The disengagement plan from Gaza was implemented similarly. Israel does control the boundaries of the Gaza Strip, as does Egypt on the other border, but it does not administer daily life there, and it conducts the war against Hamas and Islamic Jihad in conventional military ways and not as an occupying police force.
Despite the general feeling that the Gaza disengagement was an absolute nightmare, many overlook the fact that in the five years prior to the disengagement (2000-2005) Israel incurred 147 fatalities, whereas since 2005 to this day – a total of 17 years – there have been 122 fatalities resulting from escalation connected to the Gaza Strip, essentially saving hundreds of lives.
The Arab side also took measures to shrink the conflict, for example, the revocation by King Hussein in 1988 of the annexation of the West Bank to Jordan, which paved the way for the peace agreement between Israel and Jordan in 1994. In this framework, Israel also returned the territories to Jordan of which it had taken control in the Arava.
Another example is the recognition of the PLO in UN Security Council Resolutions 242 and 338 in 1993 and its official reciprocal recognition of Israel which shrank the official disputed area from the entirety of Mandatory Palestine to the permanent status agreement, which would include negotiations only for the West Bank territories that were occupied in 1967.
IF ONE were to adopt the shrink-the-conflict method today, in the true and correct sense of the concept, it is necessary to hand over sections of Area C to the PA, as Netanyahu himself proclaimed in the framework of the phases in 1998 (as part of the Wye River Memorandum) and proposed doing it again in 2014, according to the American envoy at the time, Martin Indyk.
This logic was also at the base of the master plan for Ariel Sharon’s disengagement and Ehud Olmert’s realignment in the West Bank – which proposed transferring chunks of Area C and evacuating isolated ideological settlements on the mountain ridge to give the Palestinians territorial contiguity in Areas A and B, thereby enabling the implementation of development plans in various areas and the capacity for governability.
As it plays out in practice all, the Netanyahu approach means is that he will once again be caught in the crosshairs between his far-Right allies and their demand to advance sovereignty over the West Bank, and the state’s desire to expand regional peace and integration, which was based on Netanyahu’s own commitment in the Abraham Accords to refrain from those exact territorial measures.
Netanyahu, will most likely as in the past prefer regional integration over territorial maximalism, but behind the scenes, Bezalel Smotrich and Itamar Ben-Gvir will strengthen and accelerate moves that contradict the very thesis of “shrinking the conflict.”
These moves, which will happen day by day, will include the expansion of the settlements, further ignoring the construction of illegal outposts, granting more permits for Jewish farms in the territories, and paving a system of fast roads to the isolated ideological settlements – all these measures were already accepted as part of Ben-Gvir’s coalition demands.
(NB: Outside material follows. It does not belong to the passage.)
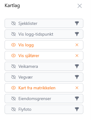 Du kan filtrere hvilke roder og oppgaver som vises i kartet basert på behov.

A consequence of this will include turning a blind eye to increasing settler violence on Palestinians and IDF soldiers.
The use of “shrinking the conflict through economic peace” is nothing if not a smokescreen. In practice and over time it helps realize the goal of the extremist right.
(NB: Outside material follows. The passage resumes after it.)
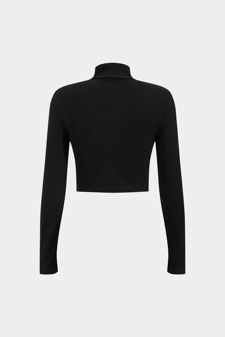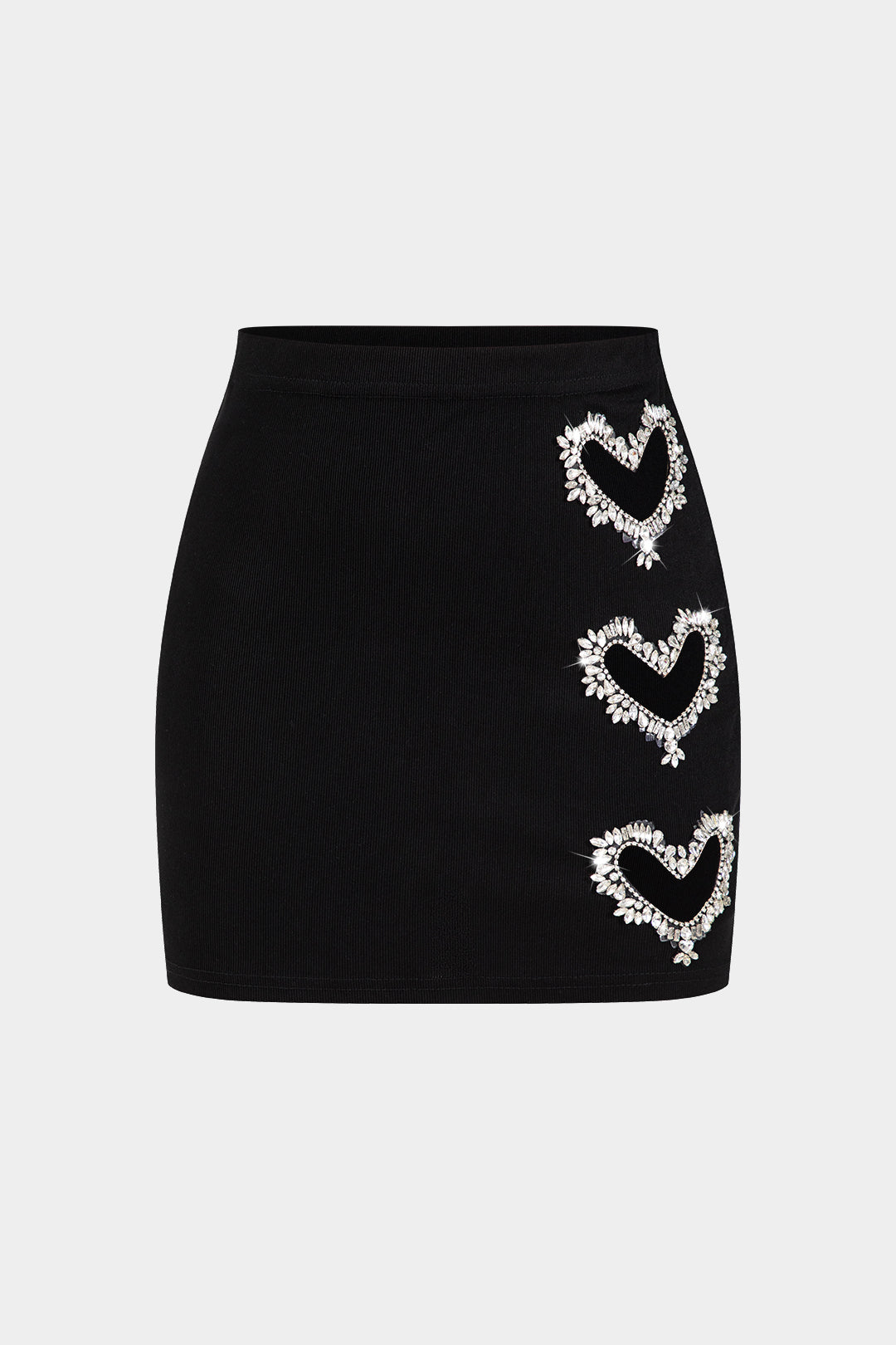 Heart Shape Rhinestone Mock Neck Long Sleeve Top And Skirt Set

It amounts to a thorn in the side of Israel’s unprecedented regional interests and it conceals the continuation of what Ben-Gvir and Smotrich hope will become Israel’s reality – one state under Jewish control – but make no mistake, this state will most certainly be a one-non-egalitarian state that will simply serve to change the name from the Israeli-Palestinian conflict to the Jewish-Arab civil war.
It will carry deep consequences that ultimately affect not only Palestinians but the vital interests of Israel, its regional allies, Israelis and by extension the Jewish people, as well.
The writer is a political researcher at The Institute for Monitoring Peace and Cultural Tolerance, based in Tel Aviv. He is the editor of We Should All Be Zionists by Dr. Einat Wilf.